A nova fase da Operação Nêmesis, deflagrada pela Polícia Federal no Tocantins, desencadeou demissões no governo além de repercussões políticas que aprofundam a crise aberta desde as primeiras fases da apuração sobre desvios de recursos da pandemia. A ação da Operação Nêmesis, que cumpriu 24 mandados de busca e apreensão contra endereços em Palmas e Santa Tereza do Tocantins, apura suposta obstrução às investigações da Operação Fames-19.
Segundo a Polícia Federal, a Nêmesis investiga indícios de que integrantes do núcleo político ligado ao governador afastado teriam atuado para embaraçar as apurações anteriores, com vazamento de informações, retirada de documentos e possível destruição de provas. Os mandados foram expedidos pelo Superior Tribunal de Justiça (STJ).
O articulador
Nessa fase da operação um nome chamou a atenção, o do advogado e ex-secretário de Parcerias e Investimentos do Tocantins, Thomas Jefferson. Ele é apontado pela investigação da PF como um dos articuladores do suposto esquema.

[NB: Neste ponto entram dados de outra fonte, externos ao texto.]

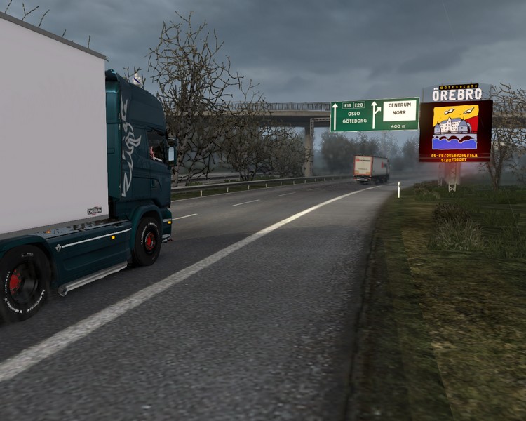 Noch in Örebro muss ich auf einmal voll in die Eisen steigen – ein MAN von ‚Malcolm‘ zieht plötzlich ohne zu blinken auf die linke Spur. Zum Glück komme ich rechtzeitig zum stehen.

A PF aponta que Thomas Jefferson, teria ido pessoalmente à casa do governador afastado Wanderlei Barbosa na noite de 2 de setembro de 2025, pouco antes da deflagração da Operação Fames-19. Câmeras de segurança registraram a sua chegada e permanência por alguns minutos, tempo que os investigadores consideram suficiente para transmitir uma “mensagem presencial” ao governador. Depois desse encontro, Wanderlei, a primeira-dama e a filha saíram da residência de forma rápida, sugerindo, para a PF, que ele poderia ter avisado da operação. Há também indícios de que Thomas teria se encontrado com outros membros da família do governador (como Rérisson Castro, filho de Wanderlei) na mesma madrugada, reforçando a suspeita de coordenação para alertar sobre a operação.
Exonerações
Como consequência direta das diligências e das informações levantadas, o governo do Tocantins exonerou dois servidores citados pela PF no mesmo dia da Operação Nêmesis Em atos publicados no Diário Oficial foram exonerados Álan Rickson Andrade de Araújo, que era assessor de Estruturação de Parcerias e Concessões na SPI (Secretaria de Parcerias e Investimentos). A PF o descreve como colaborador direto de Thomas Jefferson. O outro servidor exonerado é Antoniel Pereira do Nascimento, servidor cedido à Secretaria Executiva da Governadoria. Ele é citado pela PF como pessoa de confiança do governador Wanderlei Barbosa.
Alvos e apreensões
Entre os alvos, além de endereços ligados ao governador afastado, aparecem familiares, aliados políticos e servidores. Houve apreensões de celulares e buscas em residências e endereços funcionais, além de relatos, citados pela PF, de tentativa de ocultação de documentos.
Reação da defesa
A defesa de Wanderlei Barbosa classificou a operação como inesperada e afirmou que o ex-governador nega irregularidades, ressaltando que aguarda decisões judiciais pendentes, entre elas habeas corpus que tramita em instâncias superiores.